Percy John Daniell (9 January 1889 – 25 May 1946) was a pure and applied mathematician.

==Early life and education==

Daniell was born in Valparaíso, Chile. His family returned to England in 1895. Daniell attended King Edward's School, Birmingham and proceeded to Trinity College, Cambridge (where he was the last Senior Wrangler in 1909). At this time Daniell was an applied mathematician/theoretical physicist.

==Mathematical career==

For a year he lectured at the University of Liverpool and then he was appointed to the new Rice Institute in Houston, Texas. The Rice Institute had him spend a year at the University of Göttingen studying with Max Born and David Hilbert.
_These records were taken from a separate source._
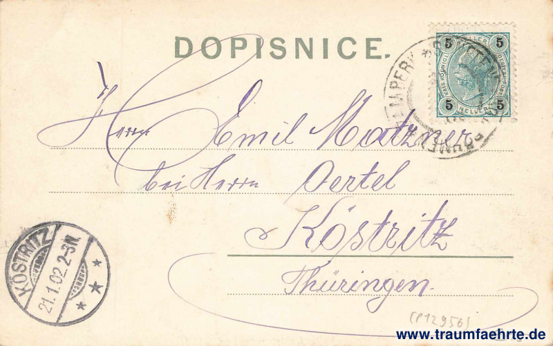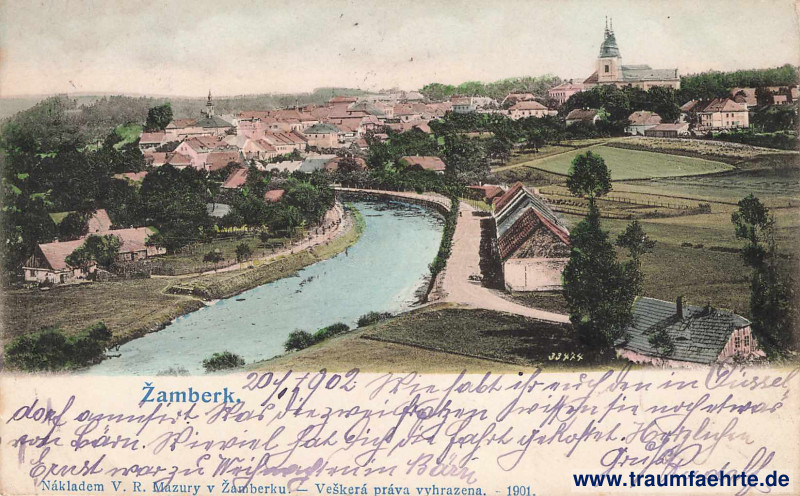 – Details – Jahr: 1901 Status: gelaufen 1902 Beschriftung vorne: Žamberk. Nákladem V. R. Mazury v Žamberku. – Veškerá práva vyhrazena. – 1901. 33474 Beschriftung hinten: Dopisnice Stempel: Žamberk […] Böhmen, […9; Köstritz, ***, 21.1.02 2–3N. Hinweis: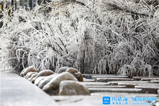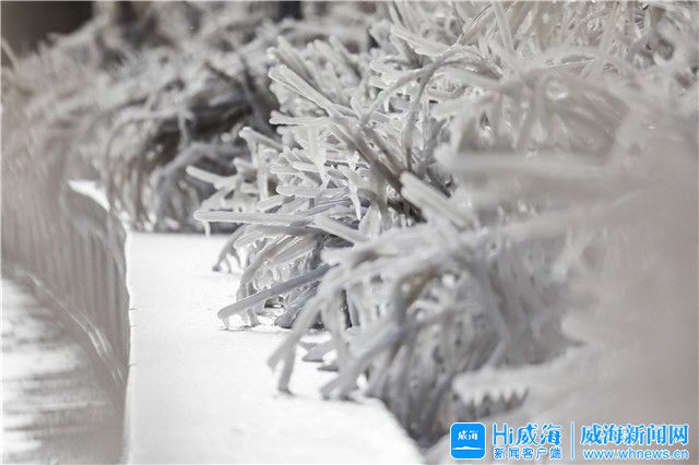 ??????在市區威海公園沿岸邊出現冰凌景觀,玉樹瓊枝,晶瑩剔透,美不勝收。
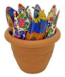 12 Great Tools: The floral garden hand trowels are used for planting, transplanting, weeding, moving and smoothing soil. The trowels feature an ergonomic handle design. The hand cultivators are used to loosen packed soil. The tools can also be used to dislodge small weeds around perennials and annuals and it is great for smoothing soil in planters and beds. These great tools come in a flower pot for you to display your favorite plant while ensuring it always gets the sunlight it needs.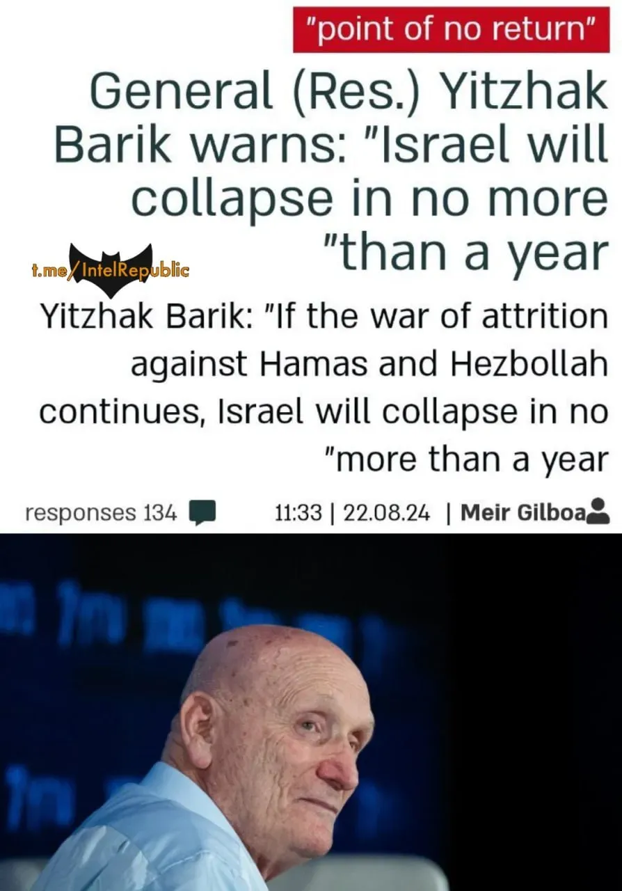 Le Général Barik a l’âge de l’Etat d’Israël. Il est respecté pour sa bravoure au combat, en particulier pendant la Guerre de Kippour. Il vient de publier dans Haaretz un véritable brûlot. Le gouvernement ne cesse de mentir à la société israélienne, explique-t-il. Tsahal est incapable de vaincre le Hamas. Le gouvernement Netanyahu a laissé passé l’occasion d’un accord. Il s’enfonce dans une guerre d’usure, qui se déroule à son détriment, et que le Hezbollah et l’Iran sauront exploiter. Et ceci d’autant plus que l’économie s’effondre et la société se divise. Barik lâche la formule choc: si Netanyahu reste, le pays s’écroulera dans l’année qui vient. Nous avons jugé important de porter ce texte, sans filtre, à la connaissance des lecteurs du Courrier des Stratèges.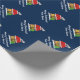 Custom Christmas gift wrap with cute cabin house. Personalised Wrapping Paper in any colour. Add your own greeting and name. Suitable for kids and adults. Fun winter design with red roof, chimney smoke, snow and Christmas tree in the yard.

Daniell was at Rice from 1914 to 1923 when he returned to England to a chair at the University of Sheffield.

In a series of papers published between 1918 and 1928, he developed and expanded a generalized theory of integration and differentiation, which is today known as the Daniell integral. In the setting of integration, he also worked on results that lead to the Daniell-Kolmogorov extension theorem in the theory of stochastic processes, independently of Andrey Kolmogorov. He was an Invited Speaker of the ICM in 1920 at Strasbourg.

==Death==

During World War II Daniell advised the British Ministry of Supply. The strain of work during the war took a heavy toll on his health. He died on 25 May 1946, after having collapsed at his home a few weeks earlier.